The History Of The One-Hit Wonder (Side Projects & Supergroups) – Part Three

"Go!" by Tones On Tail
There’s a very good chance that you’ve never heard of this band, but I bet you’ve heard this song many, many times without even realizing it.  It’s been heard in hockey arenas and on retro radio for years.  Still not ringing a bell?  Keep reading.
When he was still in Bauhaus, Daniel Ash started an experimental side project in order to showcase his own material.  He joined forces with bassist Glenn Campling who normally hauled Bauhaus’ gear during their tours and also designed some of the artwork for their albums.  
While Tones On Tail released a number of ignored singles, Bauhaus broke up.  Ash recruited his former bandmate, Kevin Haskins, to play drums for his new outfit turning the duo into a trio.

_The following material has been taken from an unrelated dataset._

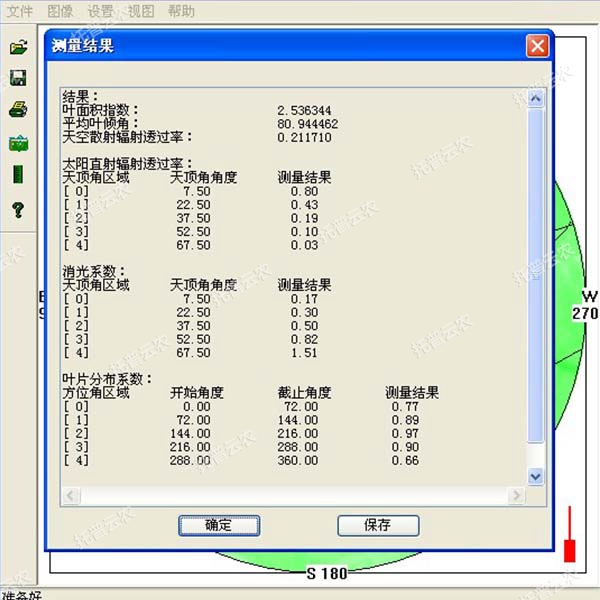 7、植物冠层图像分析仪配有专用植物分析软件,有选择所需图像区域的功能(天顶角可分10区,方位角可分10区),可屏蔽不合理的冠层部分,仅对有效图像区域进行分析,使测量数据更加精确。

There was only one proper Tones On Tail album.  It was called Pop and it was released in 1984.  (Yes, they used that title long before U2.)  Performance was the first single.  It flopped.  Lions, the follow-up, didn’t fare much better.  However, the B-side to that second single, Go!, unexpectedly became an enormous hit in dance clubs and on radio.  Too bad it wasn’t on Pop.  The commercial success of that single might’ve helped the band move some records.  According to their official label biography, they were considered too depressing to get into.  As a result, this 2-year-old side project "semi-acrimoniously" called it a day the same year they released Pop. 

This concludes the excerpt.